== Segment start ==

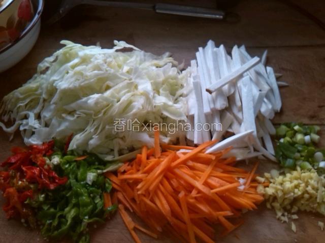 4.肉切丝用料酒,胡椒粉腌一会倒少量淀粉拌匀
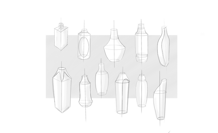 These sketches explore bottles with flat sides so that they can be stacked next to each other, removing any wasted space. We also are exploring alternative materials the bottles can be made out of that would make the bottles less breakable.
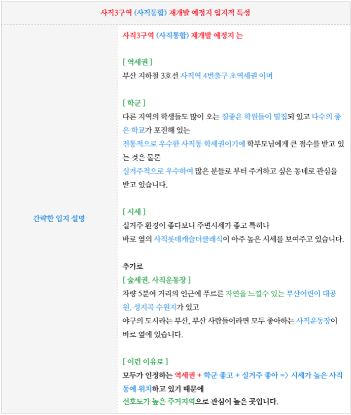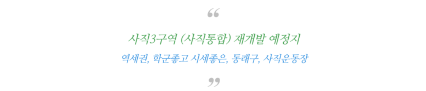 - 역세권, 좋은 학군, 좋은 시세, 숲세권, 사직운동장 : 실거주 선호도가 높은 곳

== Segment end ==

■ **PROBLEM DETAILS**: Reproduce word for word only the lines between the line containing "These sketches explore" and the end of the listing above, both included, and drop any pictures.

■ **ANSWER TO THIS EXERCISE**:
 These sketches explore bottles with flat sides so that they can be stacked next to each other, removing any wasted space. We also are exploring alternative materials the bottles can be made out of that would make the bottles less breakable.
 - 역세권, 좋은 학군, 좋은 시세, 숲세권, 사직운동장 : 실거주 선호도가 높은 곳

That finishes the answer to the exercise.